The average professional in this country wakes up in the morning, goes to work, comes home, eats dinner, and then goes to sleep, unaware that he or she has likely committed several federal crimes that day. Why? The answer lies in the very nature of modern federal criminal laws, which have exploded in number but also become impossibly broad and vague. In Three Felonies a Day, Harvey A. Silverglate reveals how federal criminal laws have become dangerously disconnected from the English common law tradition and how prosecutors can pin arguable federal crimes on any one of us, for even the most seemingly innocuous behavior. The volume of federal crimes in recent decades has increased well beyond the statute books and into the morass of the Code of Federal Regulations, handing federal prosecutors an additional trove of vague and exceedingly complex and technical prohibitions to stick on their hapless targets.
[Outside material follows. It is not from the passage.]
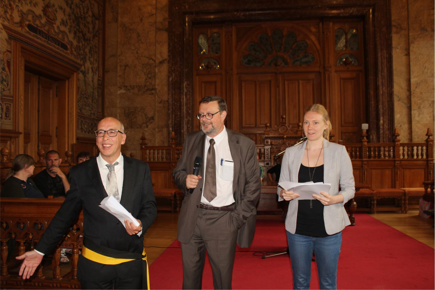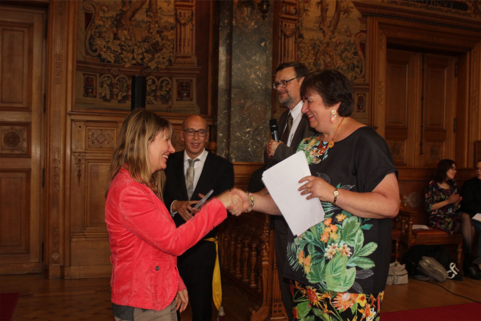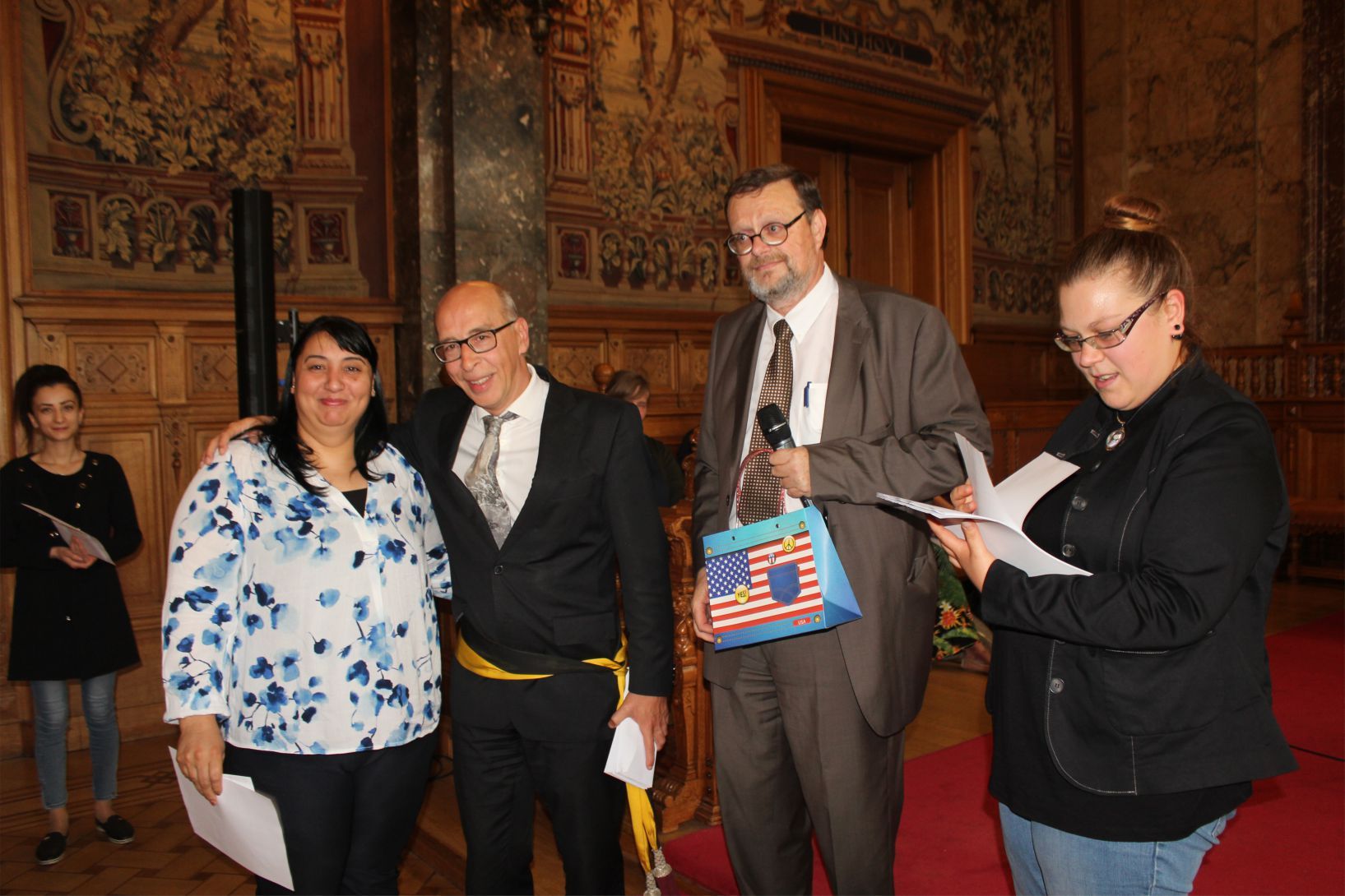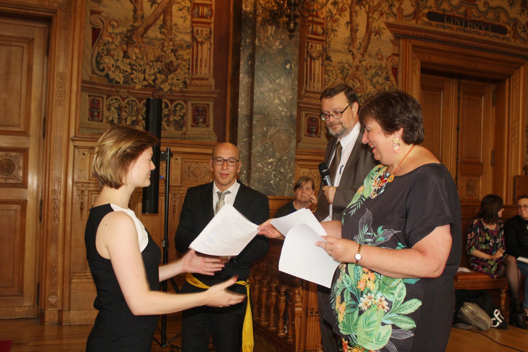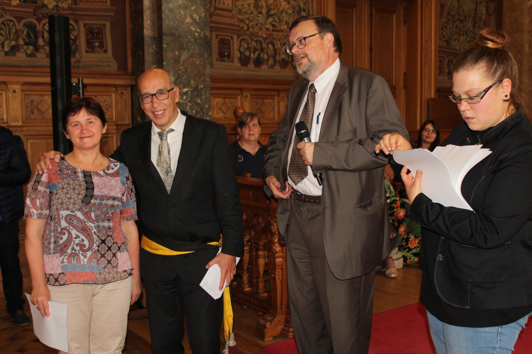 Schaerbeek belediye salonunda gerçekleştirilen sertfika töreninde, Schaerbeek belediyesi Eğitim’den sorumlu başkan yardımcısı Michel De Herde, Ecole de Promotion Social de Schaerbeek Direktörü Jean Louis Brismee ve kurs hocaları birlikte sertfikaları kursiyerlere takdim ettiler.

The dangers spelled out in Three Felonies a Day do not apply solely to "white collar criminals," state and local politicians, and professionals. No social class or profession is safe from this troubling form of social control by the executive branch, and nothing less than the integrity of our constitutional democracy hangs in the balance.

Clearly the unfortunate Pannese had no awareness of the fact that his property was in violation of this particular regulation and had no intent of being in violation. To believe otherwise would require the belief that Pannese, armed with the arcanum of impervious surface regulation, deliberately sought a property out of compliance and a combination of seller, real-estate agents, and inspectors who all lacked awareness of the rule.

And his is a comparably mild example. There are well over a million other rules he, or we, could be afoul of without knowing it — despite having no desire to break any laws or commit any crime.

The reform: default mens rea

For that reason, any serious effort to correct for overregulation — or more accurately, for overcriminalization that results — must include a legislative effort to create a default mens rea structure. Where hasty regulators or legislators have neglected to include mens rea in their rules or laws, a default mens rea statute would assume mens rea was intact.

Under default mens rea, silence over mens rea would no longer mean lack of mens rea. It would mean presence of it. If the regulators or lawmakers wished to enforce strict liability, they would have to do so directly, not indirectly.